We develop an information-theoretic framework for discrete dynamics grounded in a comparison-cost functional on ratios. Given two quantities compared via their ratio \(x=a/b\), we assign a cost \(F(x)\) measuring deviation from equilibrium (\(x=1\)). Requiring coherent composition under multiplicative chaining imposes a d'Alembert functional equation; together with normalization (\(F(1)=0\)) and quadratic calibration at unity, this yields a unique reciprocal cost functional (proved in a companion paper): \[ J(x) = \tfrac{1}{2}\bigl(x + x^{-1}\bigr) - 1. \] This cost exhibits reciprocity \(J(x)=J(x^{-1})\), vanishes only at \(x=1\), and diverges at boundary regimes \(x\to 0^+\) and \(x\to\infty\), excluding ``nothingness'' configurations. Using \(J\) as input, we introduce a discrete ledger as a minimal lossless encoding of recognition events on directed graphs. Under deterministic update semantics and minimality (no intra-tick ordering metadata), we derive atomic ticks (at most one event per tick). Explicit structural assumptions (conservation, no sources/sinks, pairwise locality, quantization in \(δ\mathbb{Z}\)) force balanced double-entry postings and discrete ledger units. To obtain scalar potentials on graphs with cycles while retaining single-edge impulses per tick, we impose time-aggregated cycle closure (no-arbitrage/clearing over finite windows). Under this hypothesis, cycle closure is equivalent to path-independence, and the cleared cumulative flow admits a unique scalar potential on each connected component (up to additive constant), via a discrete Poincaré lemma. On hypercube graphs \(Q_d\), atomicity imposes a \(2^d\)-tick minimal period, with explicit Gray-code realization at \(d=3\). The framework connects ratio-based divergences, conservative graph flows, and discrete potential theory through a coherence-forced cost structure.

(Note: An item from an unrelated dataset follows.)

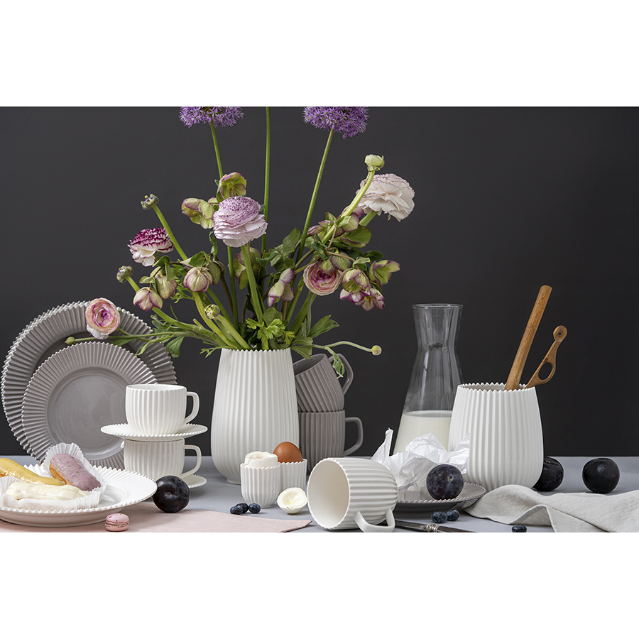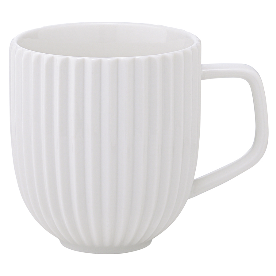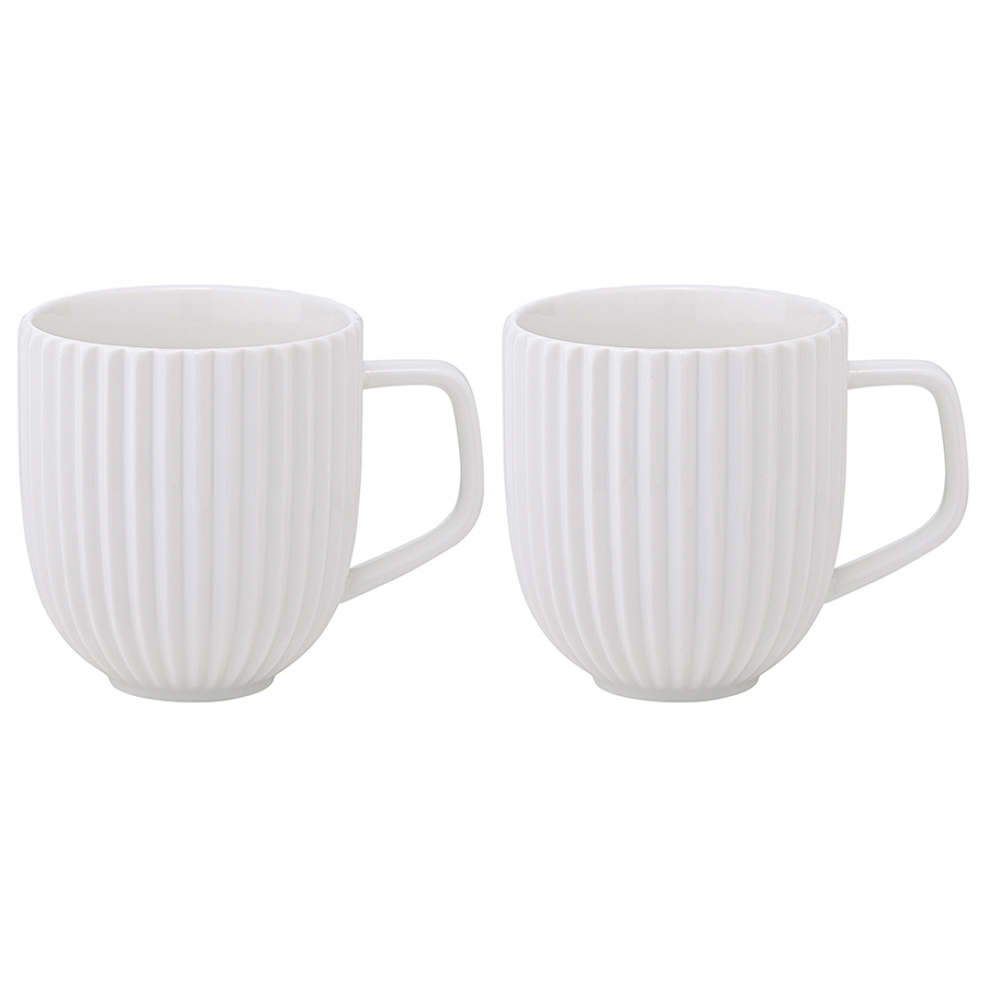 "Набор из двух фарфоровых кружек белого цвета — для тех, кто любит большие порции и долгие чаепития. Несмотря на свой размер, кружки очень легкие и удобно ложатся в руку, а рифленая поверхность добавляет дизайну утонченность и изящество. А еще они идеально сочетаются с другой посудой из серии Edge — тарелками, салатниками, сахарницами, вазами и другими предметами.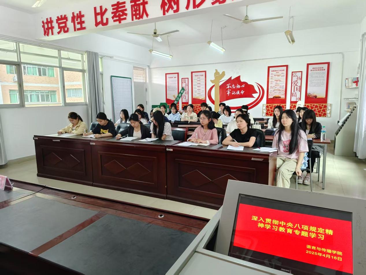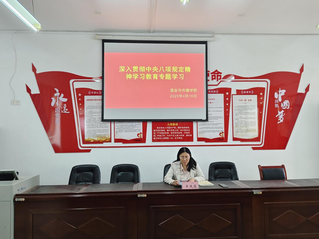 此次专题学习会,犹如一场涤荡心灵的甘霖,为语言与传播学院入党积极分子带来深刻的思想洗礼;又似一声激昂奋进的号角,化作切实有力的行动动员。车凤英院长将以此次学习为契机,持续深化作风建设,以更加坚定的决心、更加有力的举措,进一步营造风清气正、开拓奋进的良好氛围,为学院发展建设提供坚强的纪律保障。

翻译：我们建立了一个基于比值比较成本泛函的离散动力学信息论框架。给定通过比值 \(x=a/b\) 进行比较的两个量，我们分配一个成本 \(F(x)\) 来衡量其偏离平衡状态 (\(x=1\)) 的程度。要求在乘法链下具有相干复合性，这施加了一个达朗贝尔函数方程；结合归一化条件 (\(F(1)=0\)) 和在单位点处的二次校准，我们得到了一个唯一的互易成本泛函（在配套论文中已证明）：\[ J(x) = \tfrac{1}{2}\bigl(x + x^{-1}\bigr) - 1. \] 该成本具有互易性 \(J(x)=J(x^{-1})\)，仅在 \(x=1\) 时为零，并在边界区域 \(x\to 0^+\) 和 \(x\to\infty\) 处发散，从而排除了“虚无”构型。以 \(J\) 作为输入，我们引入了一种离散账本，作为对有向图上识别事件的最小化无损编码。在确定性更新语义和最小性（无内部时间刻度排序元数据）条件下，我们推导出原子时间刻度（每个刻度至多一个事件）。明确的结构假设（守恒性、无源/汇、成对局部性、在 \(δ\mathbb{Z}\) 上的量子化）强制了平衡的双重记账分录和离散账本单位。为了在具有环路的图上获得标量势，同时保持每个时间刻度的单边冲量，我们施加了时间累积环路闭合条件（在有限时间窗口内无套利/清算）。在此假设下，环路闭合等价于路径无关性，并且经过清算的累积流量在每个连通分量上（相差一个加性常数）允许存在唯一的标量势，这通过一个离散的庞加莱引理实现。在超立方图 \(Q_d\) 上，原子性施加了一个 \(2^d\) 时间刻度的最小周期，并在 \(d=3\) 时给出了明确的格雷码实现。该框架通过一个由相干性强制产生的成本结构，将基于比值的散度、保守图流和离散势理论联系起来。